The strangest thing happened this week when Telkom announced its results. Unlike the usual feeding frenzy when the previously dysfunctional fixed-line operator released its figures in the past, now there were mostly positive headlines. The only exception, according to The Google, appeared to be: “Telkom fixed-line shocker” about the dip in landlines.

Telkom now only has 3,217,000 landlines, a drop from 3,439,000 in the corresponding year, and the biggest annual fall since 2001. Landlines peaked, notably at the turn of the millennium in 2000, at 5,493,000. As stark as this drop is, it hardly seems like news in this mobile era.

telkom-adsl-speed-upgrades-begin-512-kb-upgraded-to-1-mbConversely Telkom says it has connected 81,503 homes to new superfast fibre broadband; and last year spent R757m on fibre-to-the-home (FTTH) infrastructure, up 200% over last year’s R252m.

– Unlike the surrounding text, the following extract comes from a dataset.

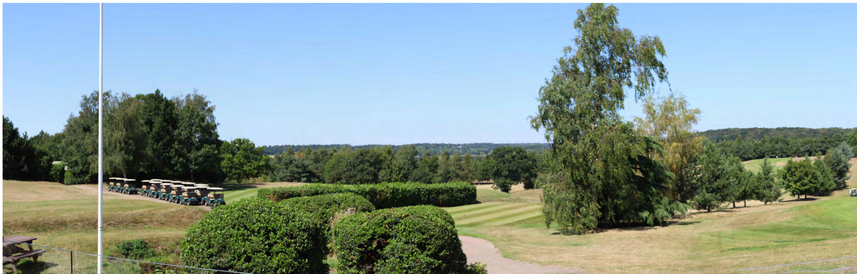
Zoom-in Extract, Recommended Viewing Distance at A3: 300mm

Telkom now has 1,027,507 broadband subscribers, a slight increase over the 1,005,286 from the previous year.

Telkom is now worth R34bn, after shares climbed 8.3% to R65, as it released its results on Monday for the year to 31 March. Telkom Group CEO Sipho Maseko says the company has successfully finished a three-year turnaround strategy that he started in 2013; and the acquisition of Business Connexion (BCX) has been concluded.

Telkom showed a 15.5% increase in normalised headline earnings, and R4bn in normalised profit after tax, up from R3bn the year before. Group net revenue rose 4% to R28bn, operating revenue was up by 14% to R37bn, normalised earnings before interest, taxes, depreciation and amortisation (Ebitda) grew 16% to R11bn, and capital expenditure rose 17% to R6bn. It even paid a dividend of 270 cents, a 10% increase.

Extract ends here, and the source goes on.